On line 0 it initializes a String with no value (this is the separator), on line 8, 13, 18 and 23 it creates Strings for the building blocks of the greeting. After this the values are joined together into the greeting
Object which is then displayed.
Conclusion
Some best practices are good to trust however you should know why you are using them. If you "just do" then consider questioning the reasons behind it because it can happen that this one is an old practice and the compiler changed the behavior of your code since some time.

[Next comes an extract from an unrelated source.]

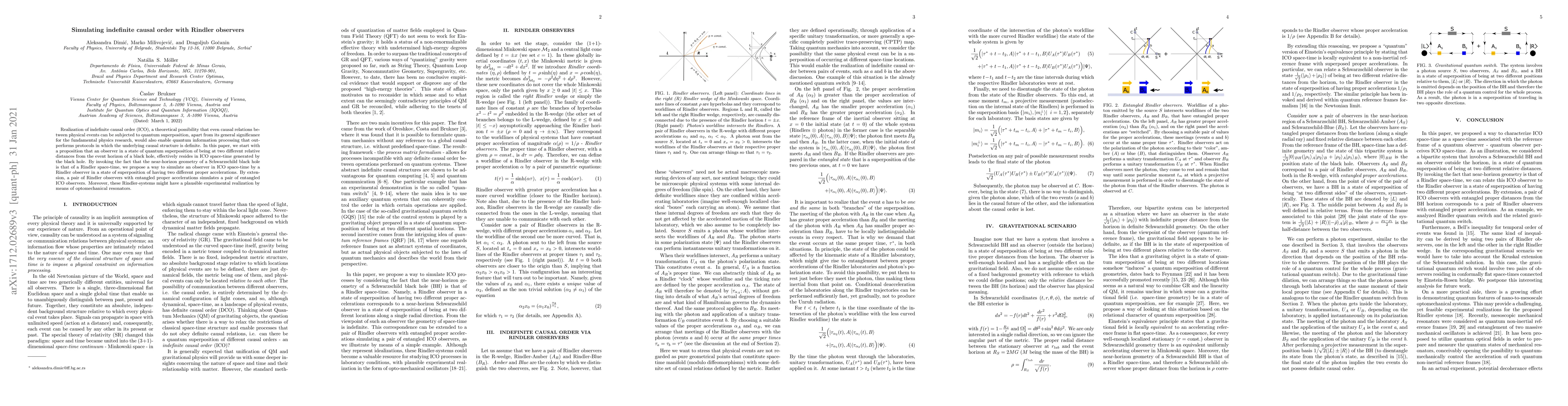 Realization of indefinite causal order (ICO), a theoretical possibility that even causal relations between physical events can be subjected to quantum superposition, apart from its general significance for the fundamental physics research, would also enable quantum information processing that outperforms protocols in which the underlying causal structure is definite. In this paper, we start with a proposition that an observer in a state of quantum superposition of being at two different relative distances from the event horizon of a black hole, effectively resides in ICO space-time generated by the black hole. By invoking the fact that the near-horizon geometry of a Schwarzschild black hole is that of a Rindler space-time, we propose a way to simulate an observer in ICO space-time by a Rindler observer in a state of superposition of having two different proper accelerations. By extension, a pair of Rindler observers with entangled proper accelerations simulates a pair of entangled ICO observers. Moreover, these Rindler-systems might have a plausible experimental realization by means of optomechanical resonators.

In this article I have shown you the different approaches for string concatenation and how they may impact performance if you use them excessively. Beside this I have proven a best practice to be still true and explained the reasons behind a relevant Quick Tip.
Thank you for this tutorial Gábor, I find it useful and look forward to applying the quick tip to my code when the opportunity arises.
You say that the following code “creates around 2000000 objects.”
for(int i = 0; i < 1_000_000; i++) {
myString += i;
}
I thought that a new object is created during each iteration of the for-loop. In that case, it would mean that only 1,000,000 objects would be created. Why are 2,000,000 created?
Hello Iavor,
sorry for the late answer but I did not get any notification about your comment.
Well, the loop does 1000000 iterations and in each iteration it creates a new StringBuilder object – but it also calls StringBuilder.toString() at the end of the loop to assign the new String value to the myString variable. And if you look at the source code of the StringBuilder.toString method you can see the code in the attachment: it creates a new String object too. This is why 2000000 objects are created.
I write in the article “around 2000000” because some Strings may already exist and they are served from the String pool. But this is another story of the internal behaviour of the JVM.
That makes sense, thanks for your reply Gábor!